Rivera no se olvida de las que todavía quedan en la cárcel. «Conocí a Maira y Alba, que habían sido víctimas de violencia sexual y por eso habían quedado embarazas. Me daba rabia. ¿Por qué ellas estaban allí y sus violadores libres? Pensaba en qué habría hecho yo si me hubiera quedado embaraza a los ocho años cuando me violaron», se indigna.

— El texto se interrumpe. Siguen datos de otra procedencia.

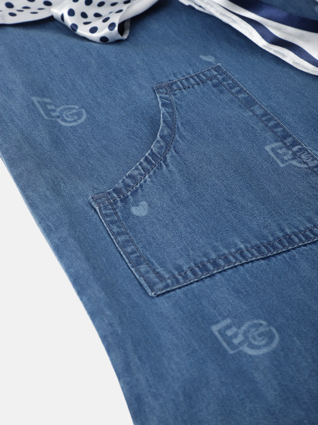 Girls Blue Printed Shirt Collar Short Sleeves Dress
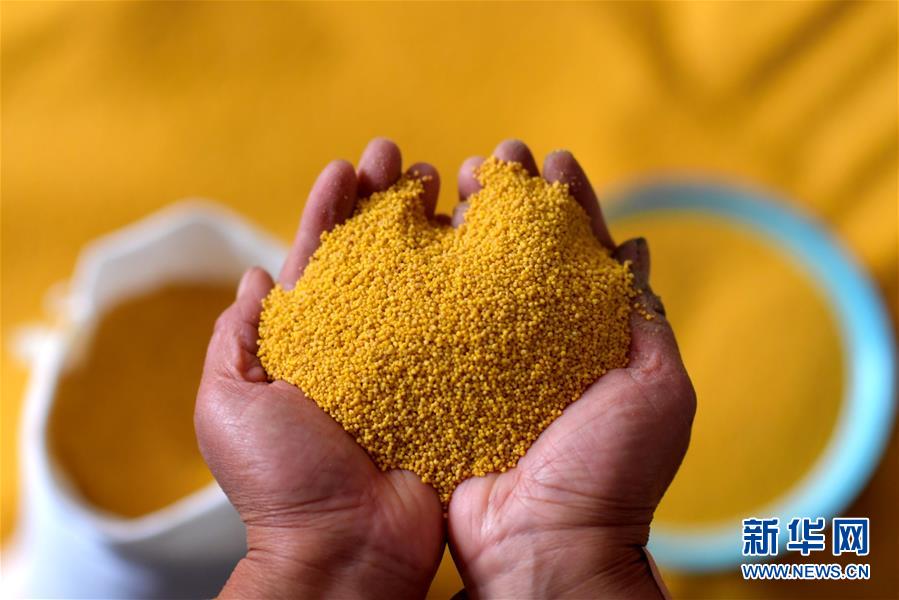 在夺火乡高谷堆村,村民展示收获的小米(10月14日摄)。

Esta mujer que ha tenido que rehacer su vida muchas veces cree que, además de la hipocresía social, la religión tiene mucho que ver con la penalización del aborto en El Salvador. «La sociedad es muy cristiana. Yo creo en Dios, pero creo que a Dios no le gustan mucho estas injusticias que sufren las mujeres. La religión es una barrera grande», continúa. Pero no una que piense que no se puede romper. Para su país, Rivera quiere una ley de plazos como la española. Mientras llega, tiene un mensaje para las que están encarceladas por lo mismo que ella lo estuvo, que ahora son 18, según los últimos datos de la Agrupación Ciudadana: «Que no están solas. Que tengan fe: algún día gozarán de libertad como yo».